To be honest, when I look at the command sequence
ceph fs authorize a client.x /dir1 rw
ceph fs authorize a client.x /dir2 rw
and it goes through without error, I would expect the client to have
both permissions as a result - no matter what the documentation
says. There is no "revoke caps" instruction anywhere. Revoking caps
in this way is a really dangerous side effect and telling people to
read the documentation about a command that should follow how other
linux tools manage permissions is not the best answer. There is
something called parallelism in software engineering and this
command line syntax violates this in a highly un-intuitive way. The
intuition of the syntax clearly is that it *adds* capabilities, its
incremental.
A command like this should follow how existing linux tools work so
that context switching will be easier for admins. Here, the choice
of the term "authorize" seems to be unlucky. A more explicit command
that follows setfacl a bit could be
ceph fs caps set a client.x /dir1 rw
ceph fs caps modify a client.x /dir2 rw
or even more parallel
ceph fs setcaps a client.x /dir1 rw
ceph fs setcaps -m a client.x /dir2 rw
Such parallel syntax will not only avoid the reported confusion but
also make it possible to implement a modify operation in the future
without breaking stuff. And you can save time on the documentation,
because it works like other stuff.
Best regards,
=================
Frank Schilder
AIT Risø Campus
Bygning 109, rum S14
________________________________________
From: Eugen Block <eblock@xxxxxx>
Sent: Wednesday, April 24, 2024 9:02 AM
To: ceph-users@xxxxxxx
Subject: Re: Latest Doco Out Of Date?
Hi,
I believe the docs [2] are okay, running 'ceph fs authorize' will
overwrite the existing caps, it will not add more caps to the client:
Capabilities can be modified by running fs authorize only in the
case when read/write permissions must be changed.

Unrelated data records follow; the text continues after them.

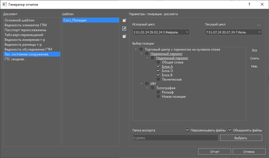 Существуют отчеты по выбранным элементам или позициям которые можно объединять в один файл. Например Паспорта термоскважин и Техническое состояние здания и сооружения.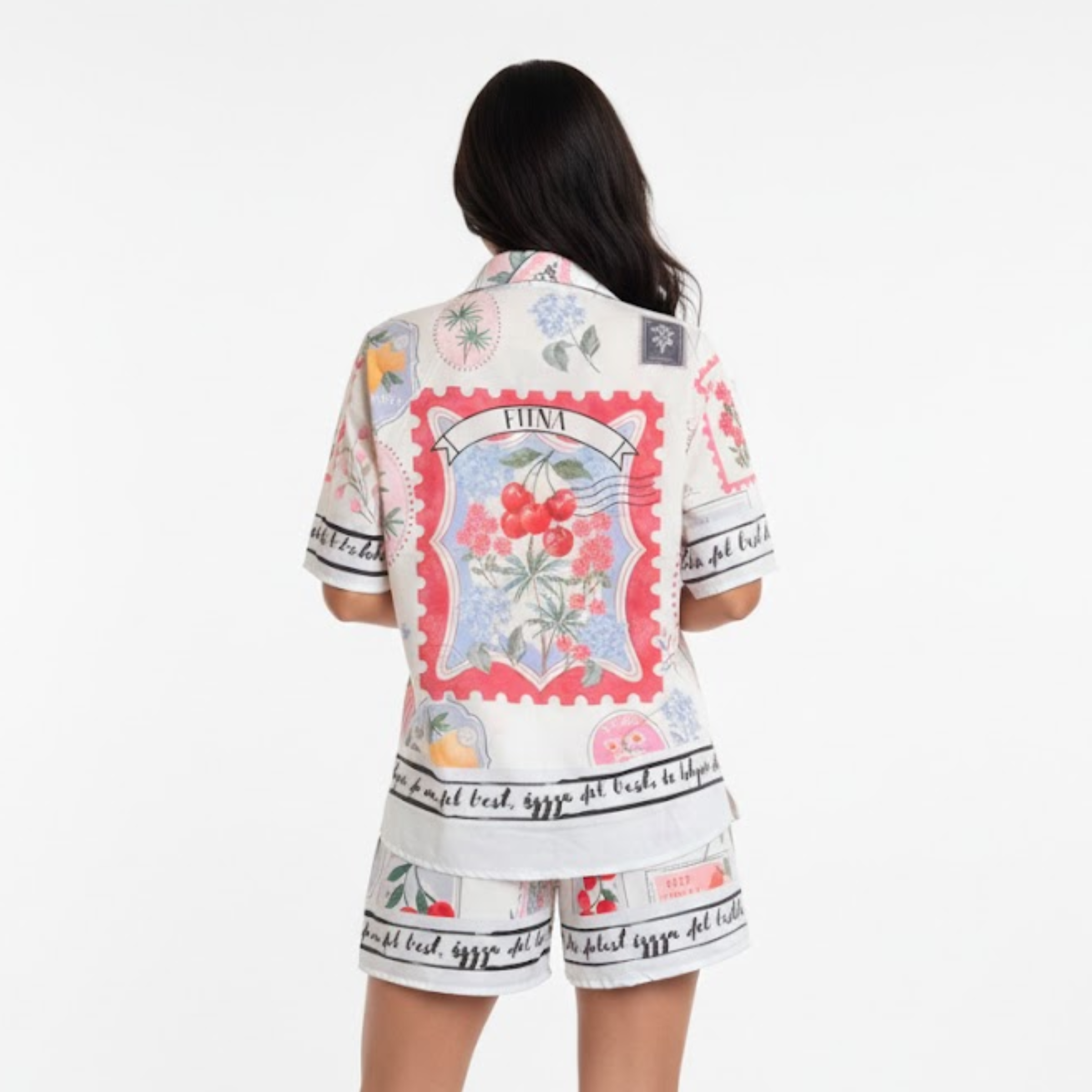 Set de camisón y short sublimado con estampación localizada, elaborado en tejido plano fresco y liviano.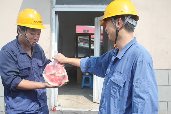 ? ? 一是定期組織開展現(xiàn)場(chǎng)夏季送清涼活動(dòng)。統(tǒng)一購(gòu)買了西瓜、人丹等防暑降溫用品發(fā)放至每位員工,給一線員工送上夏日的清涼。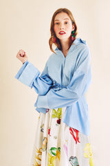 Chemise bi-matière à plis baby blue
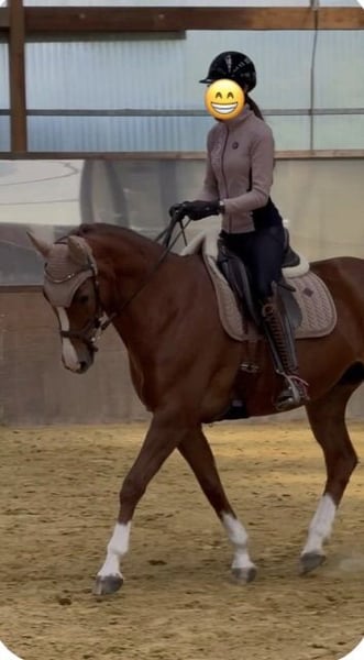 Elegant Mare – Dressage Partner For sale is an impressive mare, born in 2016. With her striking chestnut coat and a height of 16.0 hh, she is an elegant presence both visually and in size. She also shows great potential as a broodmare. This well-ridden dressage partner impresses with her balanced and eager-to-learn nature. She has a solid basic training and already demonstrates promising advances in dressage work. Thanks to her friendly temperament, she is suitable for advanced riders as well as ambitious young talents. She is healthy, regularly x-rayed, and well cared for. The mare is ready to achieve her next successes in the dressage arena and looks forward to a new, responsible family. Please feel free to contact me for more information and videos.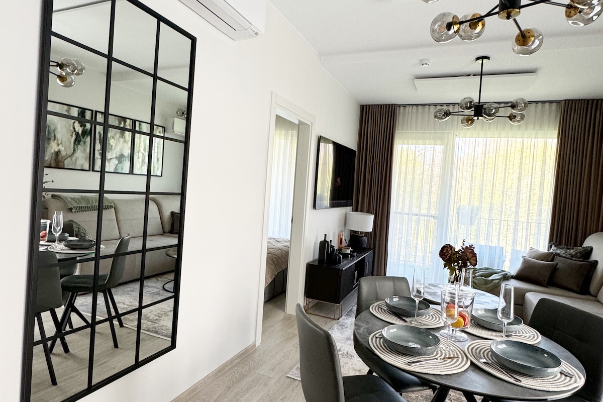 A stylish and cozy 1 bedroom apartment in Kunigiškės, within the gated Mano Jūra II complex. The apartment is modernly designed for your comfortable stay, surrounded by the peaceful pine forest of the seaside. The spacious balcony offers a relaxing spot to enjoy the fresh coastal air. The beach is just a 10-minute walk away, with the Pasaka restaurant nearby. The Aibė store is a 5-minute drive away, and a bike path is close by.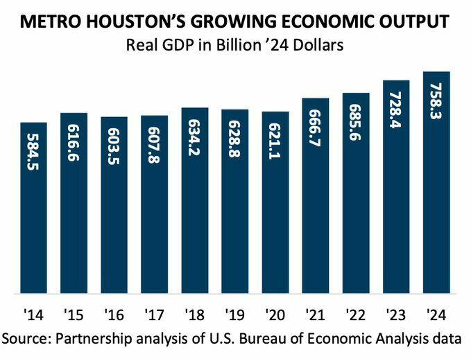 Metro Houston’s GDP hit $758.3 billion in 2024, crossing three-quarters of a trillion dollars in real, inflation-adjusted terms for the first time on record. That makes Houston the 6th largest metro economy in the United States, ahead of Washington D.C. and closing in fast on the cities above it.

If a client already has a capability for file-system name a and path
dir1, running fs authorize again for FS name a but path dir2,
instead of modifying the capabilities client already holds, a new
cap for dir2 will be granted
To add more caps you'll need to use the 'ceph auth caps' command,
for example:
quincy-1:~ # ceph fs authorize cephfs client.usera /dir1 rw
[client.usera]
key = AQDOrShmk6XhGxAAwz07ngr0JtPSID06RH8lAw==
quincy-1:~ # ceph auth get client.usera
[client.usera]
key = AQDOrShmk6XhGxAAwz07ngr0JtPSID06RH8lAw==
caps mds = "allow rw fsname=cephfs path=/dir1"
caps mon = "allow r fsname=cephfs"
caps osd = "allow rw tag cephfs data=cephfs"
quincy-1:~ # ceph auth caps client.usera mds 'allow rw fsname=cephfs
path=/dir1, allow rw fsname=cephfs path=/dir2' mon 'allow r
fsname=cephfs' osd 'allow rw tag cephfs data=cephfs'
updated caps for client.usera
quincy-1:~ # ceph auth get client.usera
[client.usera]
key = AQDOrShmk6XhGxAAwz07ngr0JtPSID06RH8lAw==
caps mds = "allow rw fsname=cephfs path=/dir1, allow rw
fsname=cephfs path=/dir2"
caps mon = "allow r fsname=cephfs"
caps osd = "allow rw tag cephfs data=cephfs"
Note that I don't actually have these directories in that cephfs, it's
just to demonstrate, so you'll need to make sure your caps actually
work.
Thanks,
Eugen
[2]
https://docs.ceph.com/en/latest/cephfs/client-auth/#changing-rw-permissions-in-caps
Zitat von Zac Dover <zac.dover@xxxxxxxxx>:
It's in my list of ongoing initiatives. I'll stay up late tonight
and ask Venky directly what's going on in this instance.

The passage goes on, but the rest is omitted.